Sa carrière voit alterner la direction artistique de la troisième biennale des images du monde PhotoQuai (2011)au musée du quai Branly, la deuxième biennale de l’image à Luang-Prabang au Laos (2012) et des portraits de société telles que les Nonnes en Colombie (2013). Toute une jeunesse acculturée apparaît dans la série Vertical/Horizontal, Intérieur/Extérieur, les classes moyennes à Singapour, Kuala Lumpur, Bangkok, récompensée par le prix Marc Ladreit de Lacharrière-Académie des beaux-arts en 2011. À la Maison européenne de la photographie à Paris l’exposition Pince-moi, je rêve (2014) revisite une œuvre insolente et engagée.
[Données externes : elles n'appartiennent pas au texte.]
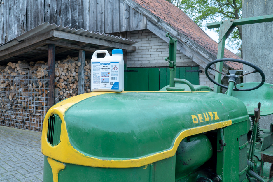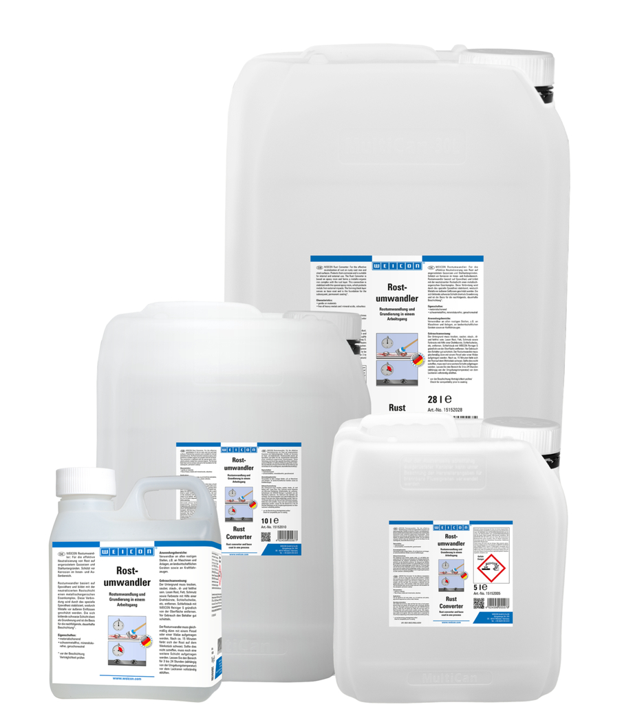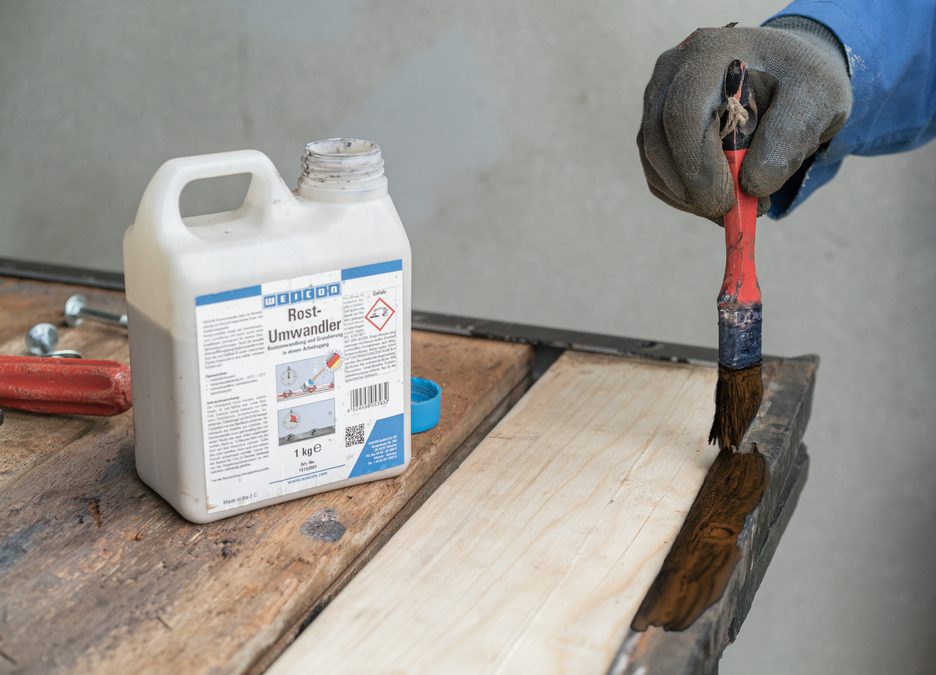 WEICON Rostumwandler dient zur Neutralisierung von Rost auf angerosteten Eisen- und Stahluntergründen und stoppt zuverlässig den Korrosionsprozess. Durch die spezielle Wirkstoffformel aus Säure und Tannin dringt der Rostumwandler in den Rost ein. Er wandelt in einem chemischen Prozess Eisenoxide in eine stabile Schicht um und hinterlässt zusätzlich durch Zinkphosphat einen temporären Korrosionsschutz. Je nach Kohlenstoffgehalt des Metalls verfärbt sich die behandelte Fläche bläulich-, bräunlich bis schwarz. Die Schicht bildet die ideale Basis für darauffolgende Schutzbeschichtungen, wie z. B. WEICON Zink-Spray. Mit WEICON Rostumwandler werden optimale Ergebnisse bei leicht verrosteten Oberflächen mit einem Rostgrad A und B erreicht. Loser Rost und lose Teile sollten vorher mechanisch entfernt werden. Der Umwandler wird erst aktiv, wenn er auf Rost oder Metall aufgetragen wird und kann großflächig an allen rostigen Stellen, beispielsweise an Maschinen und Anlagen, an landwirtschaftlichen Geräten sowie an Kraftfahrzeugen verwendet werden. Im Gegensatz zu anderen Umwandlern wird WEICON Rostumwandler nach Ablauf der Reaktionszeit mit klarem Wasser und einem Schwamm oder einer weichen Bürste von der behandelten Oberfläche entfernt. Dies dient der Beseitigung von Reststoffen, die sich durch den Umwandlungsprozess gebildet haben.

Alors que le Mali est en guerre, Françoise Huguier soutient ses confrères invités à l’exposition Bamako Photo in Paris(2013) : « Comme nous ce sont des veilleurs, des gardiens, des empêcheurs de tourner en rond. Ils restent à l’écoute du monde, la liberté entre les dents. » Une déclaration en forme d’autoportrait.